_WHAT IS NEEDED_
Write out the lines of the material below exactly, beginning at the line with "江苏省靖江高级中学10-11学年高二上学期期中调研试卷(数学理)" and stopping after the line with "Далее настраиваем микрофон", and leave out the pictures.

_SOURCE MATERIAL_

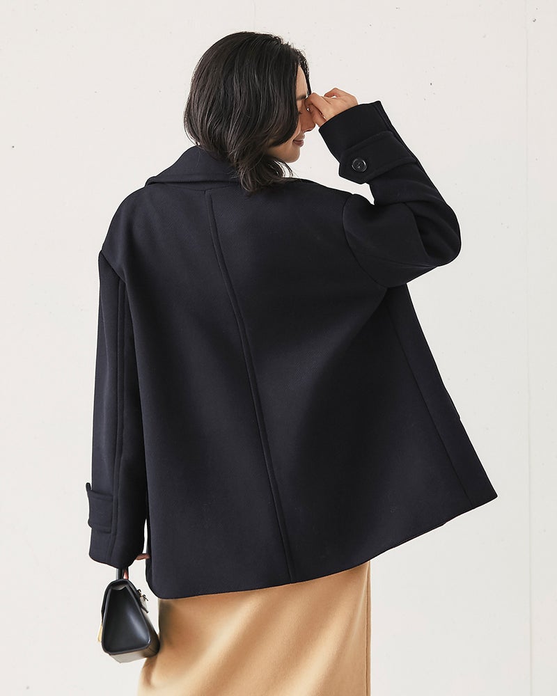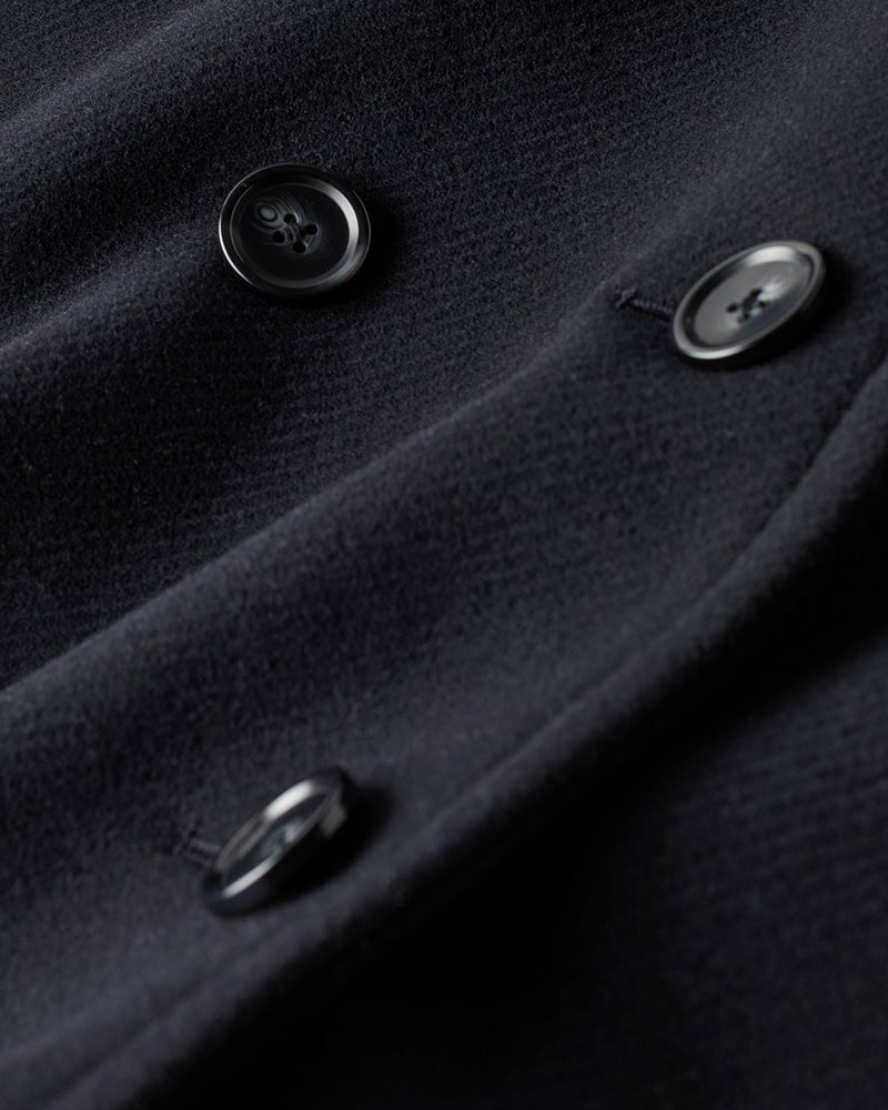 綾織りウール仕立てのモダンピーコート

==

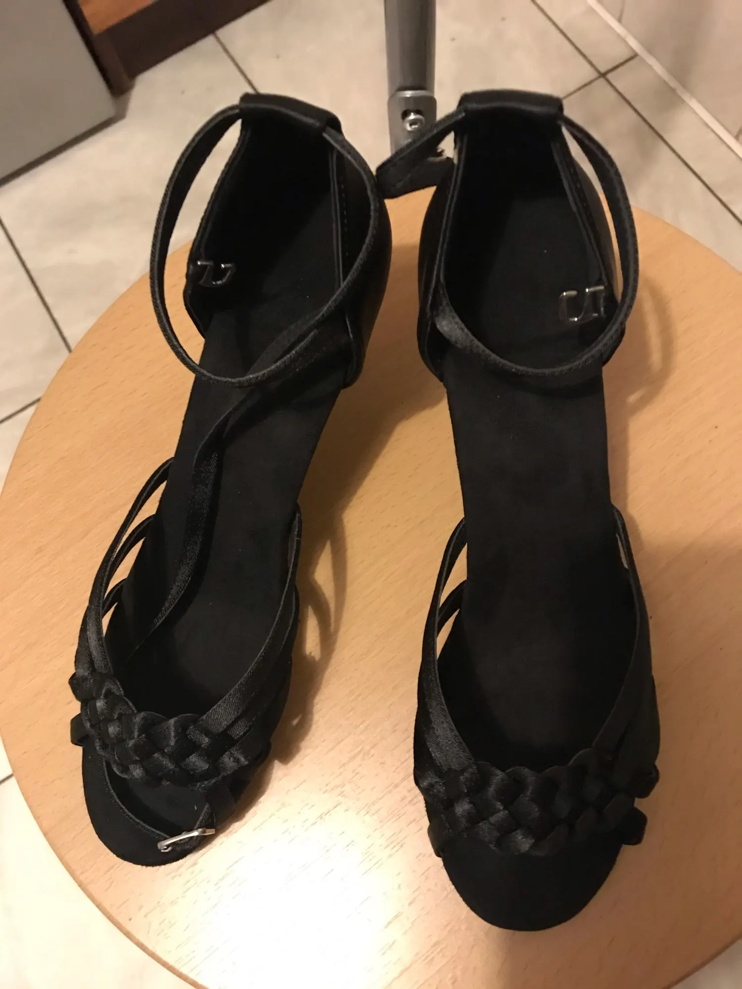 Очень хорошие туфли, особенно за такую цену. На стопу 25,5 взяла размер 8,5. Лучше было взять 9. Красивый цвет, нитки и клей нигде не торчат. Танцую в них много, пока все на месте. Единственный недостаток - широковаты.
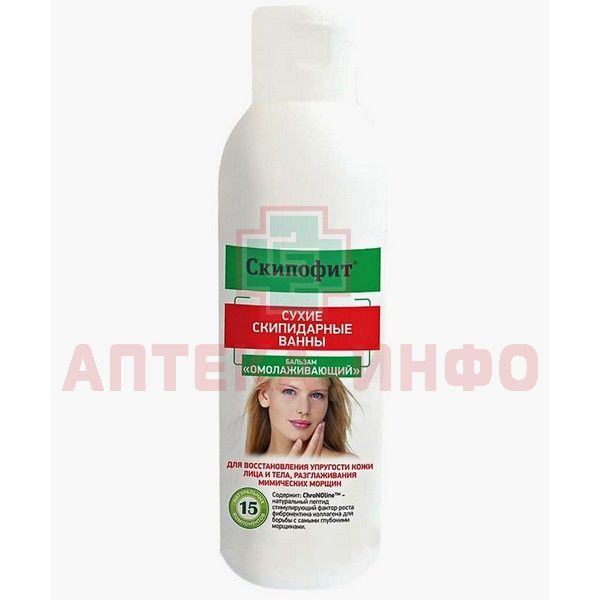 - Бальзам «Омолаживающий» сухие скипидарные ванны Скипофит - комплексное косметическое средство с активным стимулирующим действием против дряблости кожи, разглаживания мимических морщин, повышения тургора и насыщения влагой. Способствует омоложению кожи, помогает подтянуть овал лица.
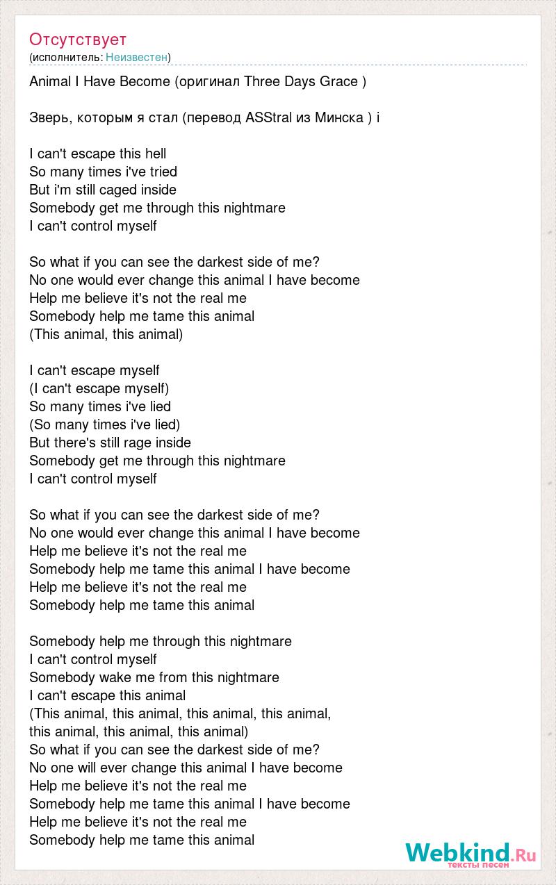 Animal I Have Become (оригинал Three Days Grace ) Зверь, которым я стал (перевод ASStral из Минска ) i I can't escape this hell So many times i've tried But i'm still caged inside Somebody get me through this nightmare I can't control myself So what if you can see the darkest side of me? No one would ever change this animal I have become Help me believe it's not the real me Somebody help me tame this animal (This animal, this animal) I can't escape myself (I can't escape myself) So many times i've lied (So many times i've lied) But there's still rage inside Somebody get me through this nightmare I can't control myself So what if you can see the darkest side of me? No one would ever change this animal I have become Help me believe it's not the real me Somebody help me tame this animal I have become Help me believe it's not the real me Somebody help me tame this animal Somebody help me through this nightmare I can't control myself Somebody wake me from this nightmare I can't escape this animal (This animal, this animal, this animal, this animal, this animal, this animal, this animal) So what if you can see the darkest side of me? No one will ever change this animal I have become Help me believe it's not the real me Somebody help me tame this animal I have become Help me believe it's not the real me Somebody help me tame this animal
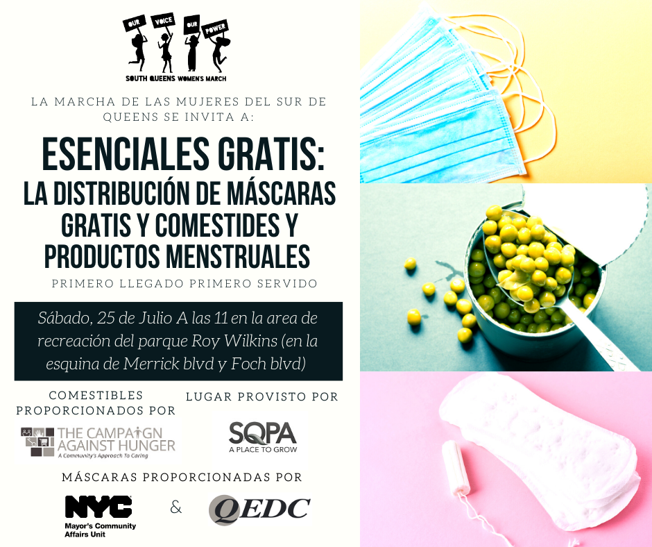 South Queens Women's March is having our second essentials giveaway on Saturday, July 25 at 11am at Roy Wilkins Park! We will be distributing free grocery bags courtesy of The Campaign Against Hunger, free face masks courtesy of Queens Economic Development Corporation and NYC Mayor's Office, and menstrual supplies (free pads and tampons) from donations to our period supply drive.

--

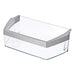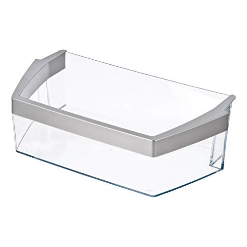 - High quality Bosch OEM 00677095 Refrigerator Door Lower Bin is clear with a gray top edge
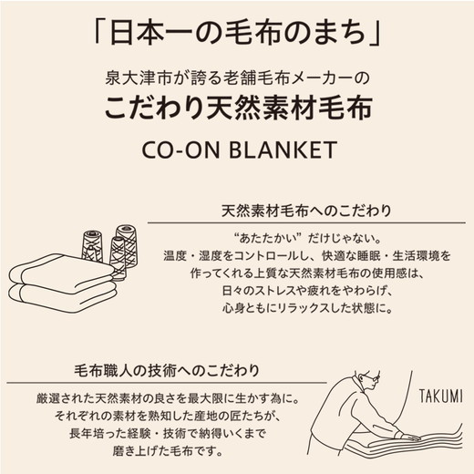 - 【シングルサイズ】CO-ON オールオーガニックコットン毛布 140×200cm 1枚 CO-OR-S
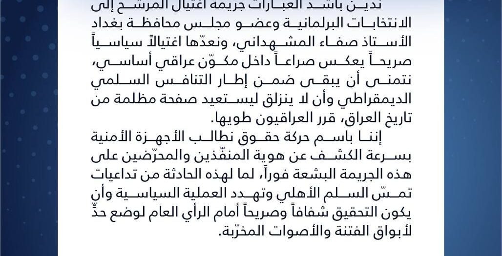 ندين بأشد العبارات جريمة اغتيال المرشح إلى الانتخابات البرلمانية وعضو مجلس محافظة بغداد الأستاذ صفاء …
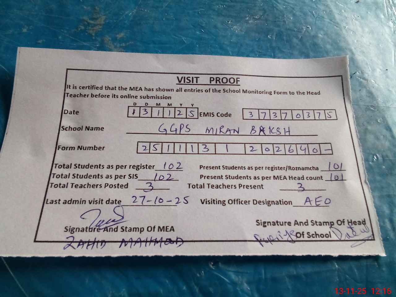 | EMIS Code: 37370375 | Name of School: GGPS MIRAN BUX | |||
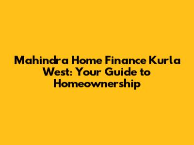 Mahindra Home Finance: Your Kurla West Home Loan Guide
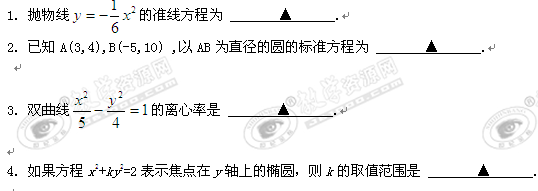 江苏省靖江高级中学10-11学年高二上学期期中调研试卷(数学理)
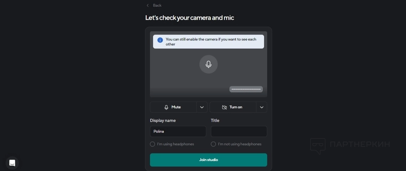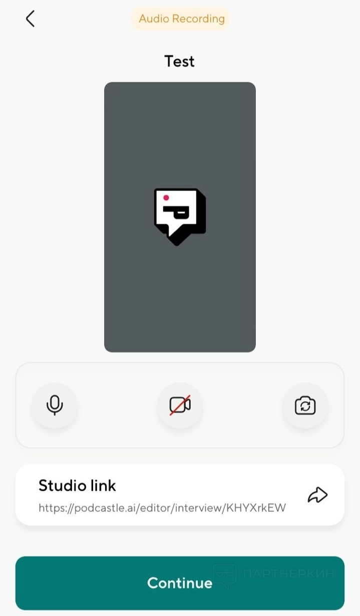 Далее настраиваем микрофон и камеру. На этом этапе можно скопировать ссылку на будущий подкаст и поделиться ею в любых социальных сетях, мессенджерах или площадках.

_SOLUTION BELOW_
 江苏省靖江高级中学10-11学年高二上学期期中调研试卷(数学理)
 Далее настраиваем микрофон и камеру. На этом этапе можно скопировать ссылку на будущий подкаст и поделиться ею в любых социальных сетях, мессенджерах или площадках.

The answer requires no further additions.